Os casos suspeitos estão distribuídos por 13 estados, incluindo Distrito Federal, Goiás, Mato Grosso do Sul, Mato Grosso, Pernambuco, Paraná, Rondônia, São Paulo, Piauí, Rio Grande do Sul, Rio de Janeiro, Paraíba e Ceará. Já os estados da Bahia e do Espírito Santo tiveram os casos registrados descartados.
Infelizmente, o país também registrou 15 óbitos, com duas mortes confirmadas no estado de São Paulo.
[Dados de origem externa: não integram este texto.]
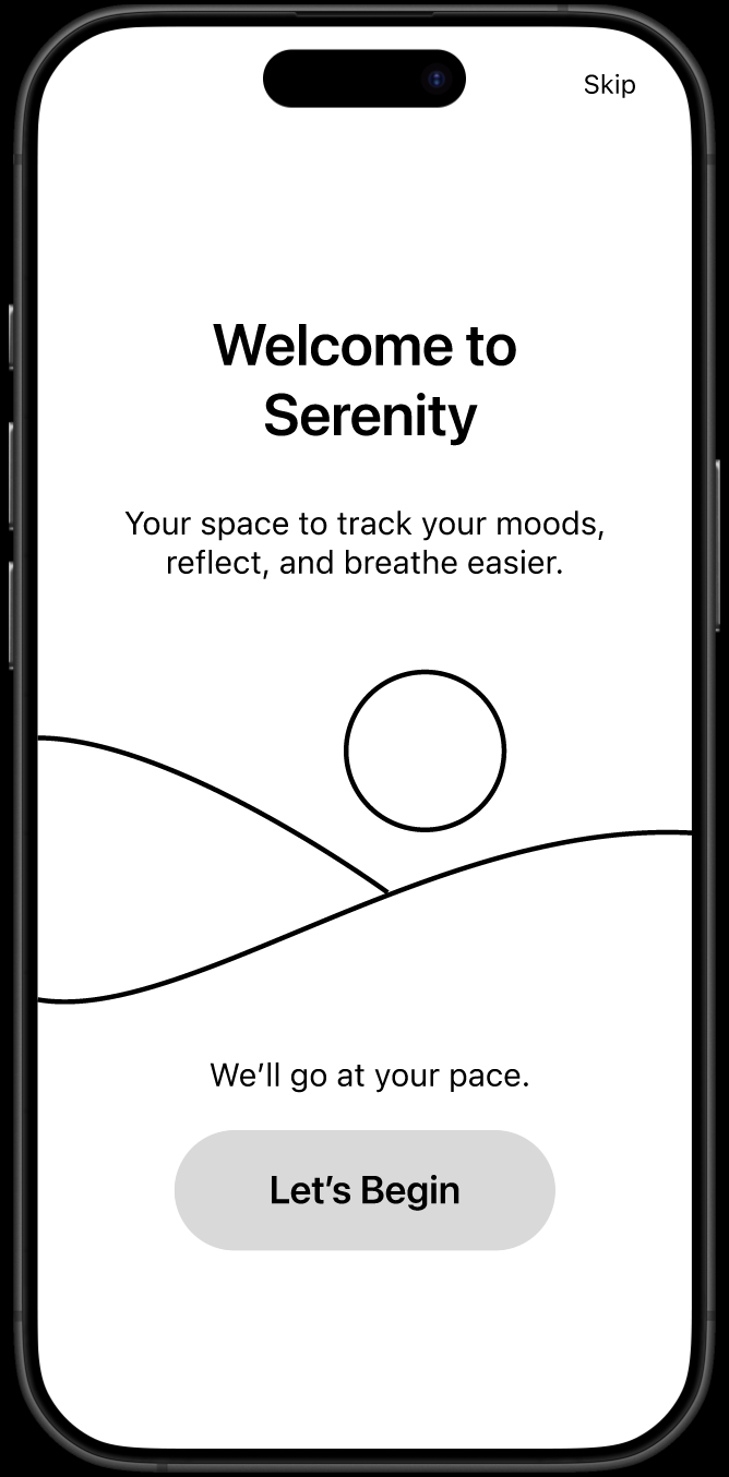I was presented with a realistic scenario involving onboarding drop-off – a common issue in apps that require emotional engagement and consistent usage. The goal was to reduce onboarding drop-off and help users engage meaningfully with mood tracking, breathing exercises, CBT reflection tools, and journaling features from the first session.

As demais mortes estão em investigação, o que destaca a gravidade da situação.
Para combater a intoxicação por metanol, o Ministério da Saúde iniciou a distribuição de etanol farmacêutico, um antídoto utilizado no tratamento de intoxicações por metanol, aos estados que formalizaram pedido de reforço de estoque. Nesta primeira remessa, foram enviadas 580 ampolas a cinco estados.
A intoxicação por metanol é uma emergência médica de extrema gravidade, pois a substância, quando ingerida, é metabolizada no organismo em produtos tóxicos que podem levar à morte. Os principais sintomas da intoxicação incluem visão turva ou perda de visão e mal-estar generalizado.
Em caso de identificação dos sintomas, é fundamental buscar imediatamente os serviços de emergência médica e contatar instituições especializadas, como o Disque-Intoxicação da Anvisa ou o Centro de Controle de Intoxicações de São Paulo.
- Disque-Intoxicação da Anvisa: 0800 722 6001
- CIATox da sua cidade para orientação especializada
- Centro de Controle de Intoxicações de São Paulo (CCI): (11) 5012-5311 ou 0800-771-3733
É importante identificar e orientar possíveis contatos que tenham consumido a mesma bebida, recomendando que procurem imediatamente um serviço de saúde para avaliação e tratamento adequado. A demora no atendimento e na identificação da intoxicação aumenta a probabilidade do desfecho mais grave, com o óbito do paciente.